Given entries:
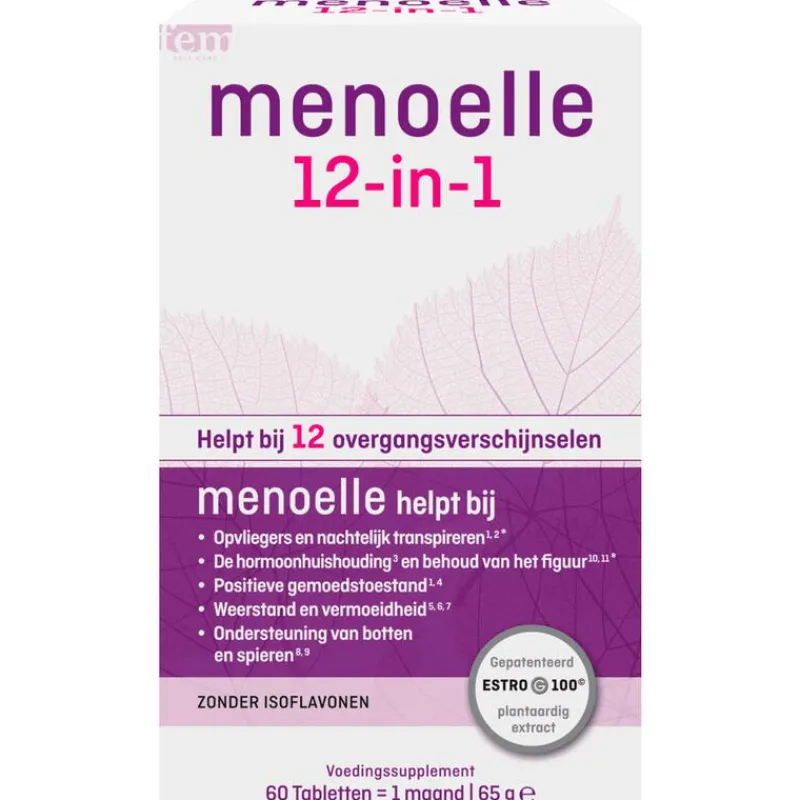 Menoelle 12-in-1 voedingssupplement voor diverse klachten tijdens de overgang. Menoelle helpt bij 12 verschillende overgangsverschijnselen zoals opvliegers, transpireren, gemoedstoestand, vermoeidheid, de hormoonhuishouding, ondersteuning van botten spieren en gewichtstoename. Menoelle bevat naast Salie en diverse vitamines en mineralen, het gepatenteerde en goed onderzochte EstroG-100. Menoelle is natuurlijk, bevat geen hormonen, geen isoflavonen, heeft geen bijwerkingen en kan langdurig worden gebruikt.
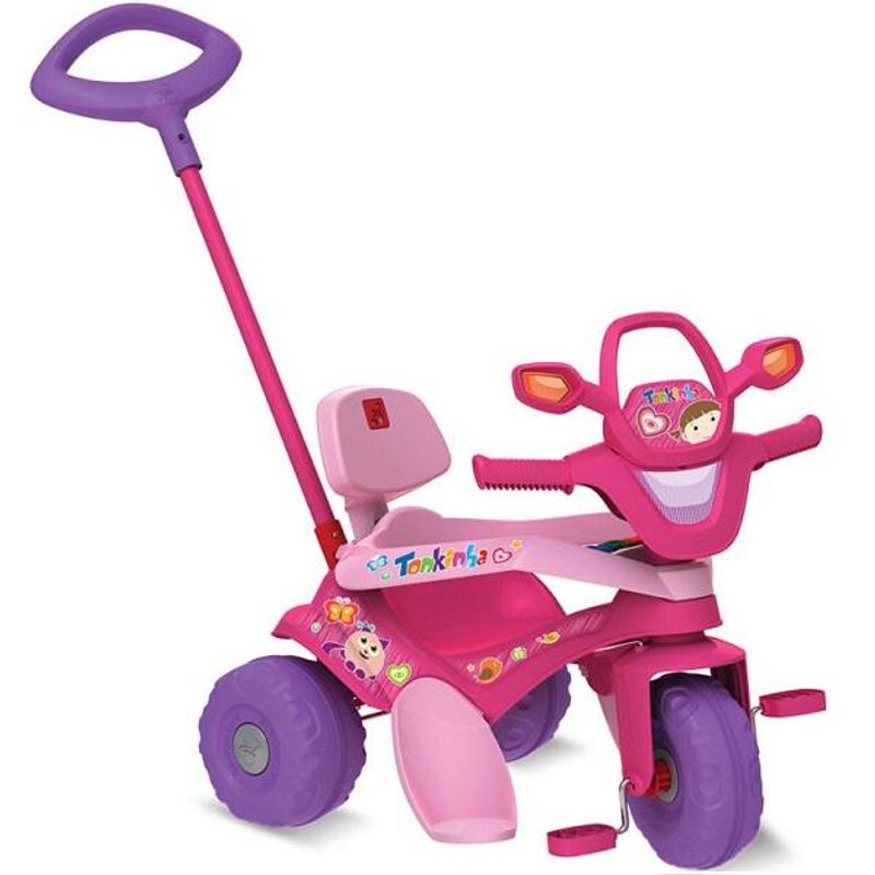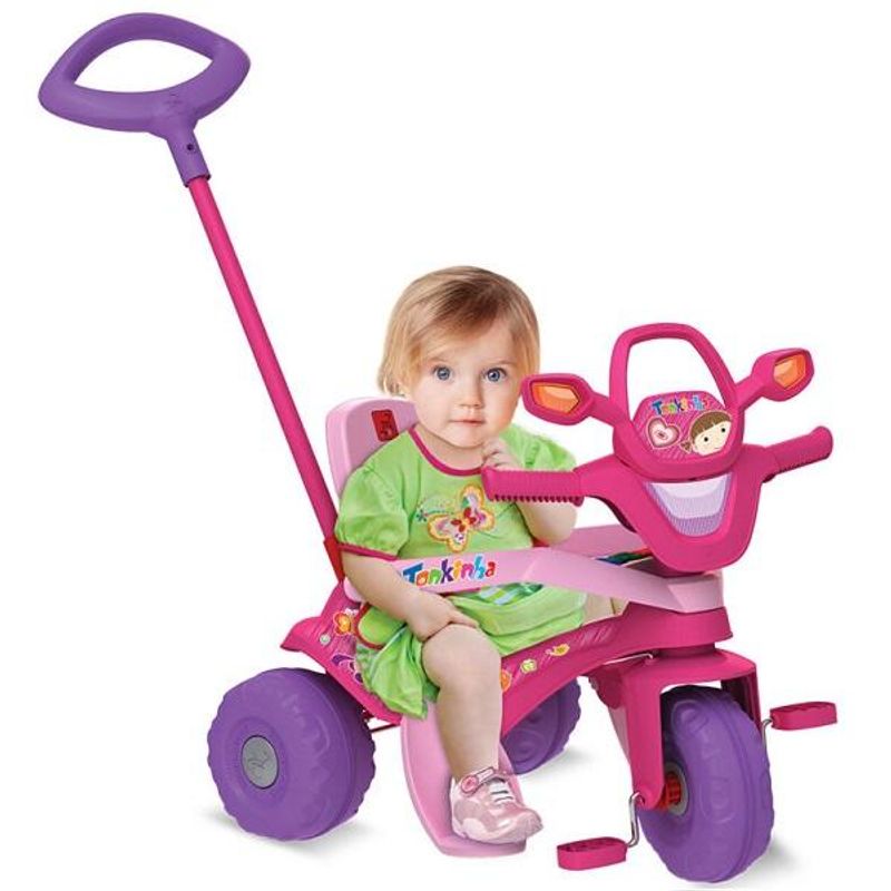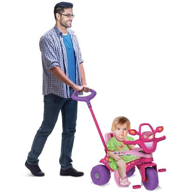 FUNÇÃO PASSEIO: O adulto utiliza a haste direcionável para conduzir o triciclo. Basta destravar o dispositivo de roda livre, colocar o cercado de proteção e apoio dos pés.
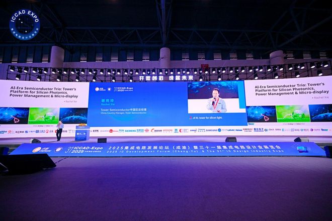 11月20日,以“成渝同芯,同屏共振”为主题的成渝集成电路2025年度发展论坛暨第三十一届集成电路设计业展览会(ICCAD-Expo2025)在成都西博城隆重开幕,TowerSemiconductor中国区总经理谢宛玲在高峰论坛上发表了以《AI时代的半导体工艺三重奏:Tower面向智能计算的硅光、微显示和电源管理》为主题的演讲,阐述了在AI时代来临的背景下,Tower在硅光、微显示和电源管理领域的布局。
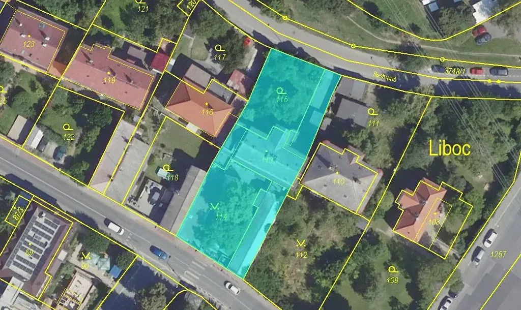 Vlastní pozemek 1.248 m2, zast. plocha 338 m2, pozemek je mírně svažitý se SV orientací, obdélníkového tvaru. Stavba s pozemky je přístupná jak z ulice Libocká, tak z ulice Sestupná. Parkování vozidla je možné na vlastním pozemku s příjezdem z ulice Sestupná.
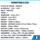 Autentická stavebnica COBI prináša ikonické francúzske stíhacie lietadlo Dewoitine D.520 z obdobia druhej svetovej vojny. V mierke 1:32 vynikne jeho elegantná silueta, historická kamufláž a označenie z obdobia Vichystického Francúzska vytvorené kvalitnou potlačou, ktorá sa neošúcha ani pri intenzívnom hraní. Vďaka pohyblivým prvkom a precíznemu spracovaniu je hotový model pôsobivým zberateľským kúskom aj skvelým exponátom na poličku.
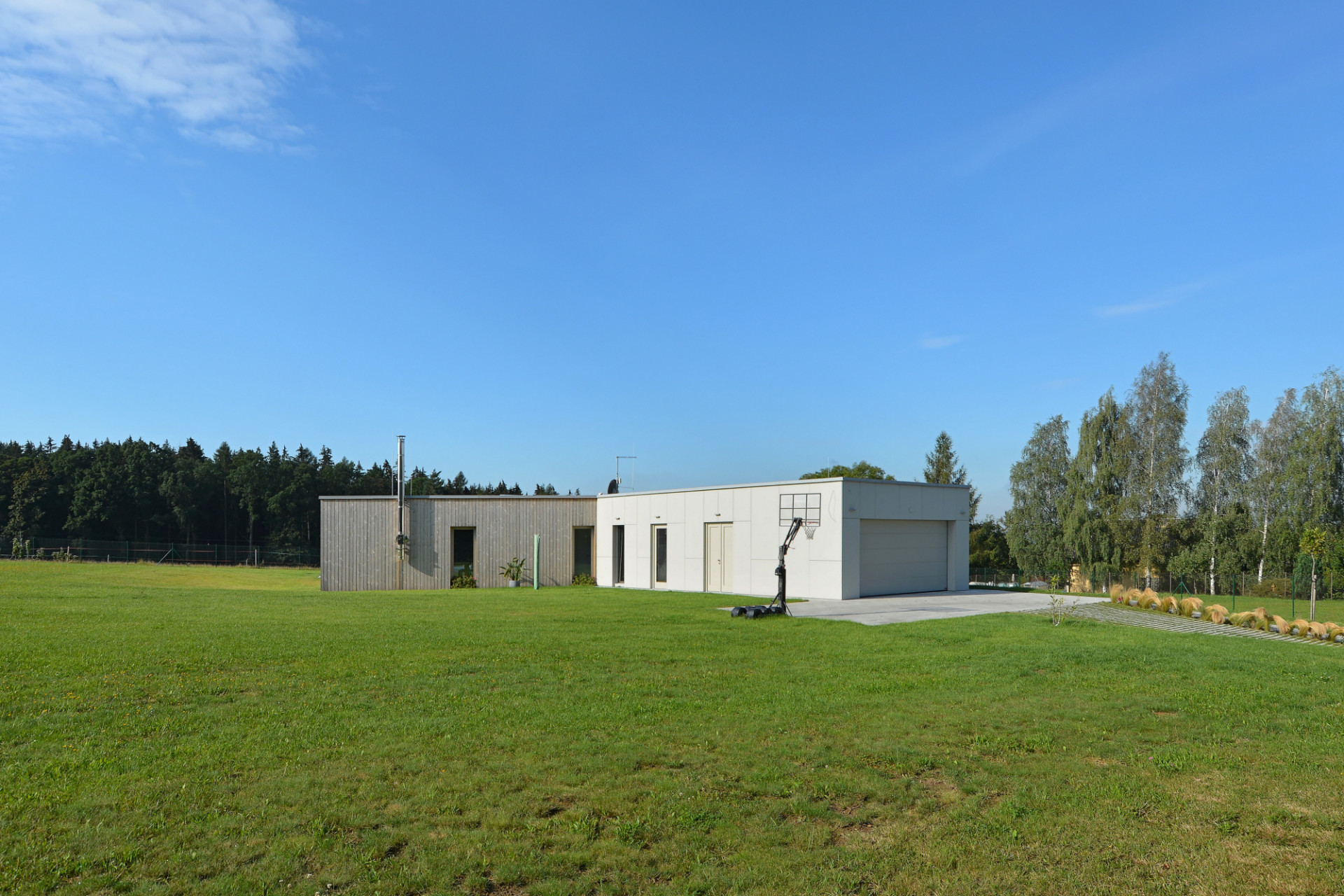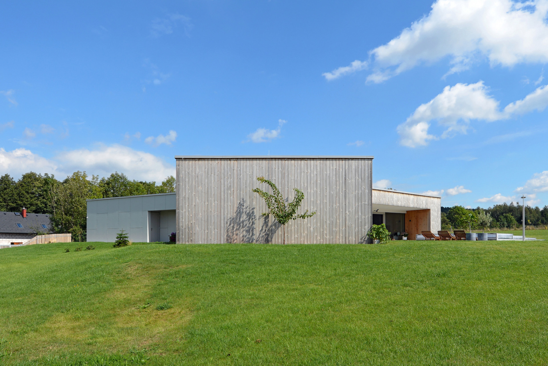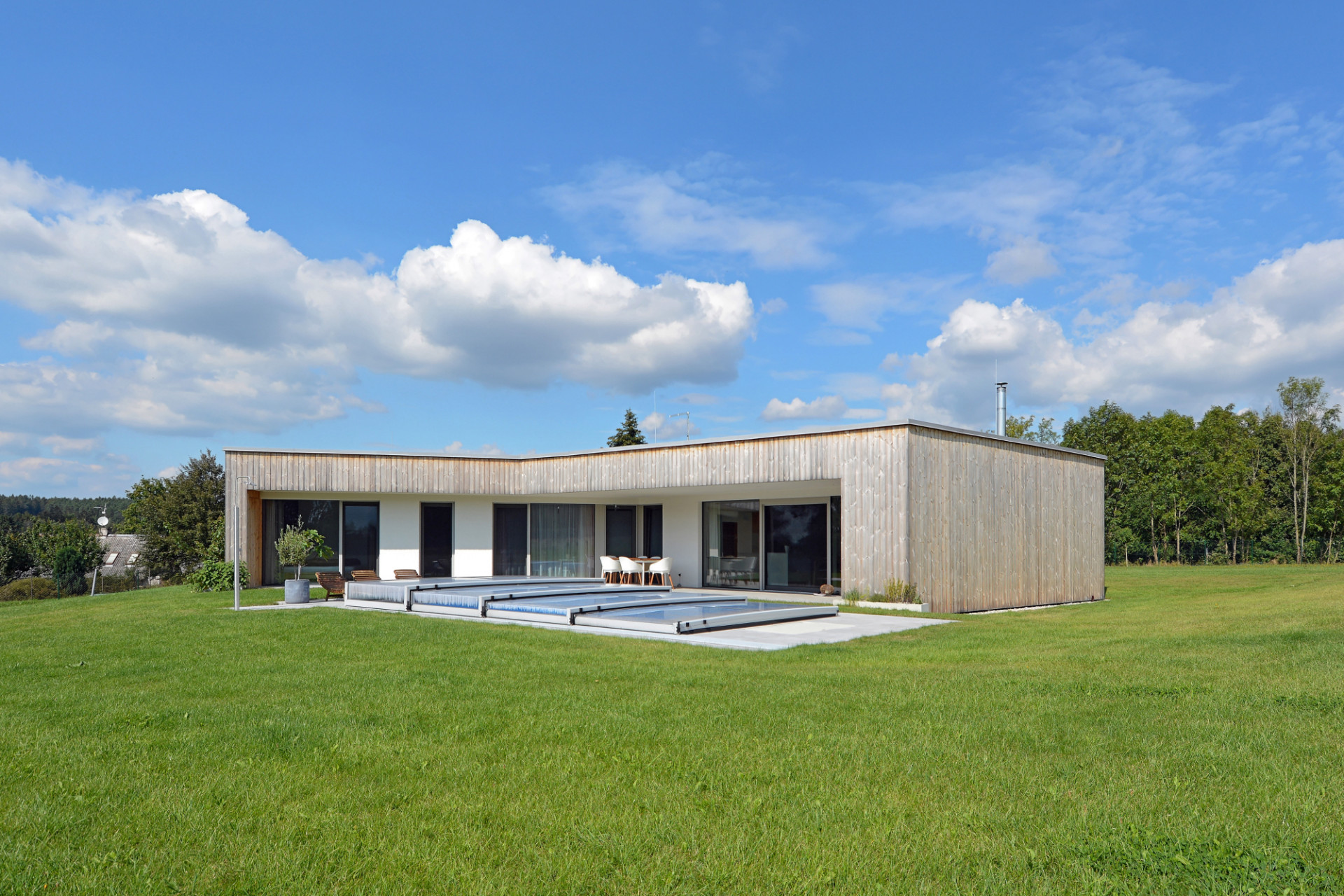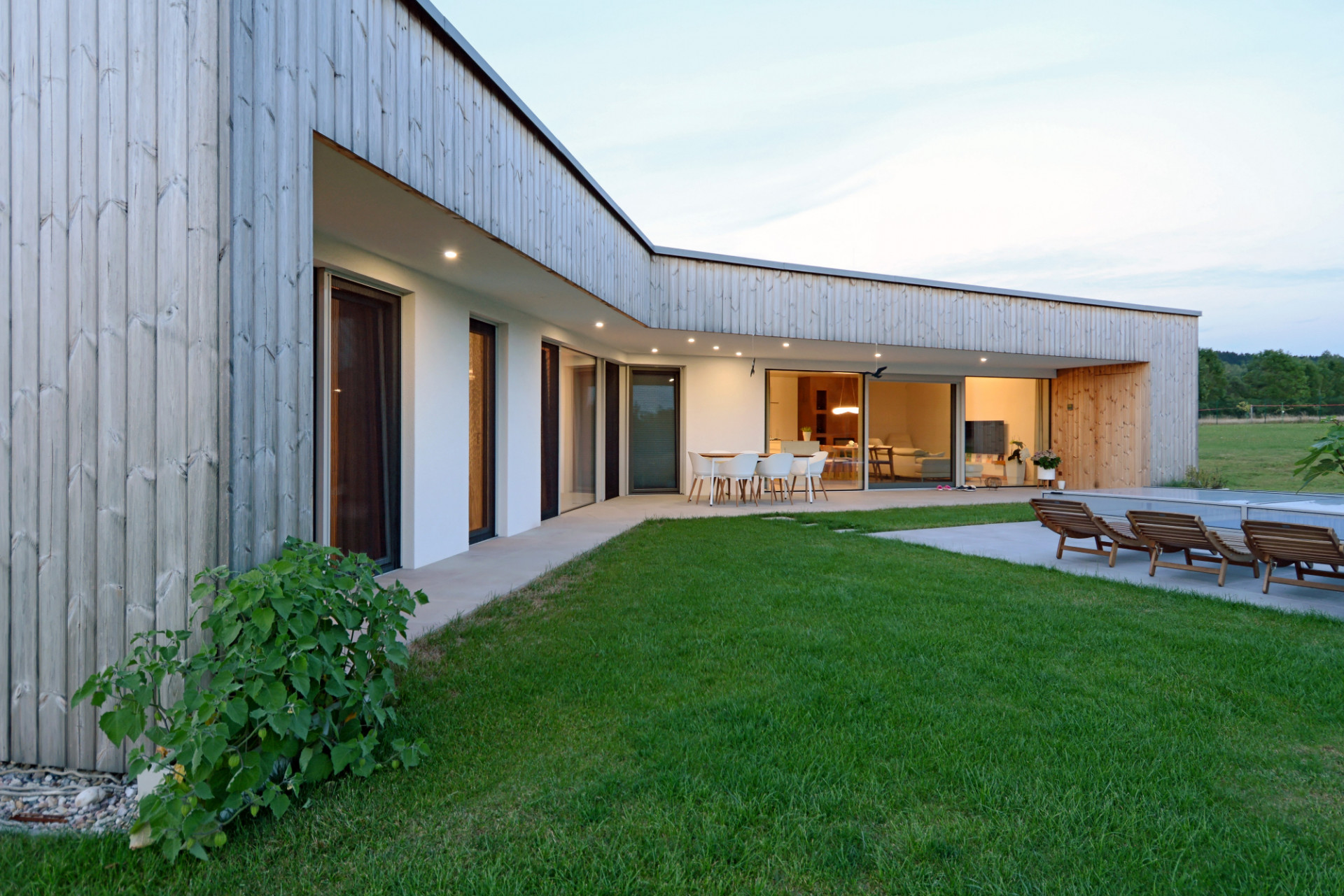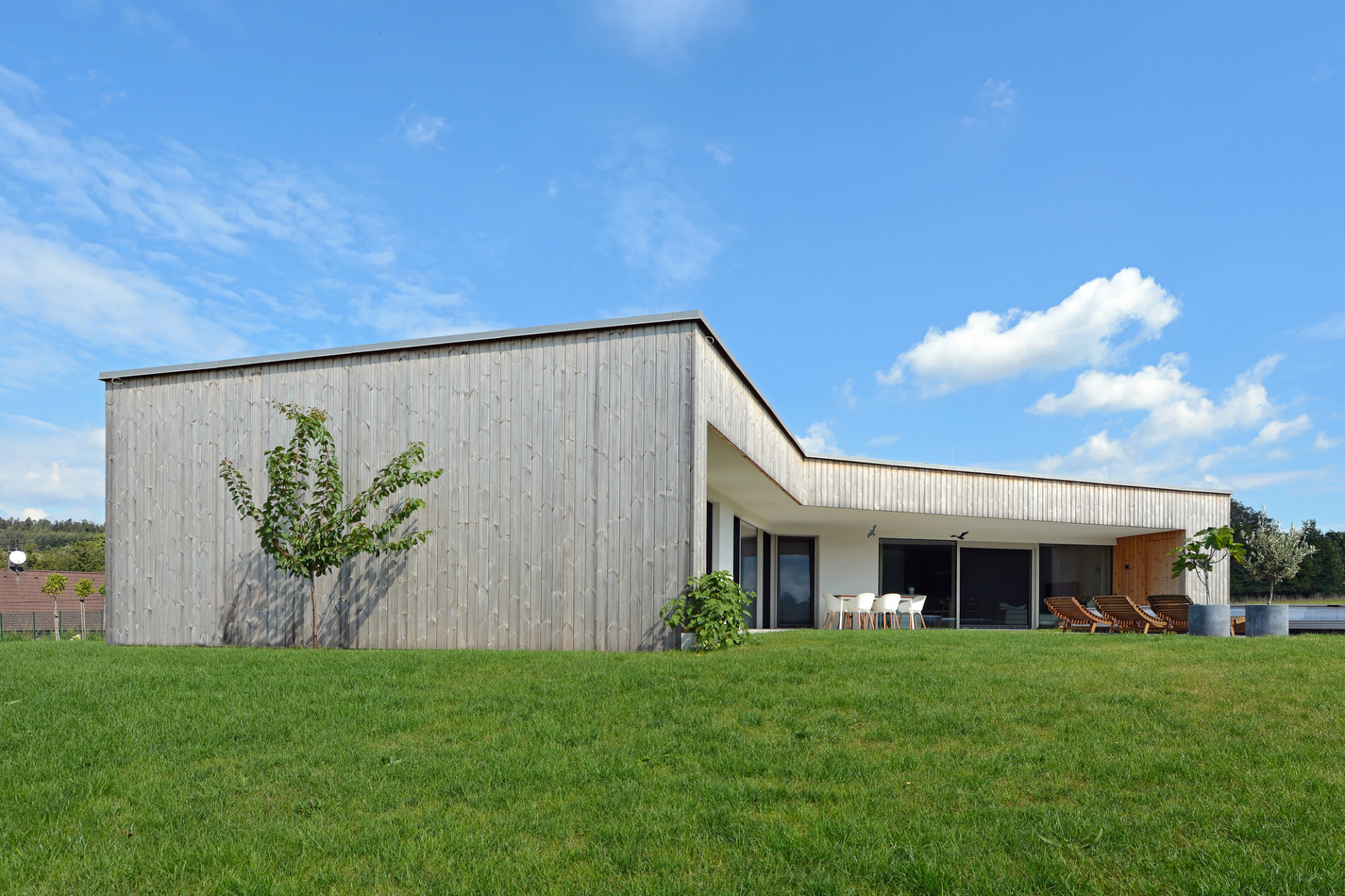 Jednopodlažní rodinný dům na rovinatém pozemku na Náchodsku uspořádal architekt Viktor Vlach do tvaru symetrické trojcípé hvězdy, čímž vznikly jednotlivé funkčně oddělené zóny v interiéru i zahradě. Dům zahalený zčásti do dřevěného pláště nabízí majitelům také prostornou krytou terasu s výhledy do krajiny.

What to produce:
Once the pictures are set aside, restate the remaining data above exactly.

Your response:
 Menoelle 12-in-1 voedingssupplement voor diverse klachten tijdens de overgang. Menoelle helpt bij 12 verschillende overgangsverschijnselen zoals opvliegers, transpireren, gemoedstoestand, vermoeidheid, de hormoonhuishouding, ondersteuning van botten spieren en gewichtstoename. Menoelle bevat naast Salie en diverse vitamines en mineralen, het gepatenteerde en goed onderzochte EstroG-100. Menoelle is natuurlijk, bevat geen hormonen, geen isoflavonen, heeft geen bijwerkingen en kan langdurig worden gebruikt.
 FUNÇÃO PASSEIO: O adulto utiliza a haste direcionável para conduzir o triciclo. Basta destravar o dispositivo de roda livre, colocar o cercado de proteção e apoio dos pés.
 11月20日,以“成渝同芯,同屏共振”为主题的成渝集成电路2025年度发展论坛暨第三十一届集成电路设计业展览会(ICCAD-Expo2025)在成都西博城隆重开幕,TowerSemiconductor中国区总经理谢宛玲在高峰论坛上发表了以《AI时代的半导体工艺三重奏:Tower面向智能计算的硅光、微显示和电源管理》为主题的演讲,阐述了在AI时代来临的背景下,Tower在硅光、微显示和电源管理领域的布局。
 Vlastní pozemek 1.248 m2, zast. plocha 338 m2, pozemek je mírně svažitý se SV orientací, obdélníkového tvaru. Stavba s pozemky je přístupná jak z ulice Libocká, tak z ulice Sestupná. Parkování vozidla je možné na vlastním pozemku s příjezdem z ulice Sestupná.
 Autentická stavebnica COBI prináša ikonické francúzske stíhacie lietadlo Dewoitine D.520 z obdobia druhej svetovej vojny. V mierke 1:32 vynikne jeho elegantná silueta, historická kamufláž a označenie z obdobia Vichystického Francúzska vytvorené kvalitnou potlačou, ktorá sa neošúcha ani pri intenzívnom hraní. Vďaka pohyblivým prvkom a precíznemu spracovaniu je hotový model pôsobivým zberateľským kúskom aj skvelým exponátom na poličku.
 Jednopodlažní rodinný dům na rovinatém pozemku na Náchodsku uspořádal architekt Viktor Vlach do tvaru symetrické trojcípé hvězdy, čímž vznikly jednotlivé funkčně oddělené zóny v interiéru i zahradě. Dům zahalený zčásti do dřevěného pláště nabízí majitelům také prostornou krytou terasu s výhledy do krajiny.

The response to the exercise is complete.